A long, slow inhale. His jaw flexes. “Then dam it.” Not a suggestion. A demand.

I stammer, struggling to form words, but his voice cuts me off. “Imagine a whirlpool at your core, drawing that river inward.”

I try. I fail.

His exhale is sharp, edged with impatience. “You’re wasting time.”

There are too many streams, too many currents pulling in different directions. The force is too wild, too vast. A cry of frustration escapes me.

The man’s voice is suddenly closer, brushing against my skin like a whisper of ice. “Tighten it.” His tone hardens. “Coil it. Wind it at yourcore, like twisting thread around a spindle.”

I squeeze my eyes shut and pull. At first, it’s like grabbing smoke, like trying to cup water in my palms. But then… something shifts. The power, once a raging storm, begins to coil. Not perfectly, not completely, but enough.

“Finally. Open your eyes,” he commands.

I obey. I wish I hadn’t.

The shadows begin to retreat, revealing the scene beyond.

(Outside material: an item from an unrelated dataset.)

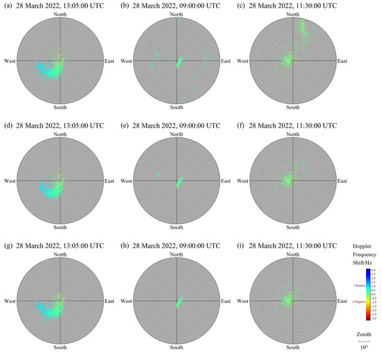 Reflection points should be concentrated around the center of the skymap in which the ionospheric drift above the receiving antenna is to be detected. In accordance with the distribution characteristics of the Doppler spectrum, the dominantly concentrated reflection points (reflection cluster) should be the bipolar pattern comprising zero, positive and negative Doppler frequency shifts and zero Doppler frequency shifts close to the skymap’s center, and the ideal situation is to only retain the bipolar reflection cluster (Figure 6a). Actually, the reflection cluster containing other types of reflection points also exists (Figure 6b,c). The concentrated monopolar reflection cluster is mainly generated by disturbed geomagnetic conditions [29]. Scattered, irregularly distributed and time invariant reflection points are caused by strong mutation interference generated by electromagnetic interference.

The screams are gone. Not because the terror has ended, but because the dread etched into their faces has crossed the threshold where screams become pointless.

Silence smothers the air, thick and unnatural, broken only by the distant crackle of torches and the quiet drip of something wet hitting the floor. My breath stutters as I take in the devastation.

Bodies lie collapsed across the marble—blackened, porous, half-melted into the floor. The Chastity Warden and guards who had stood closest are nothing more than heaps of decaying flesh, their red wigs, armor and uniforms eaten through, their features bloated and unrecognizable.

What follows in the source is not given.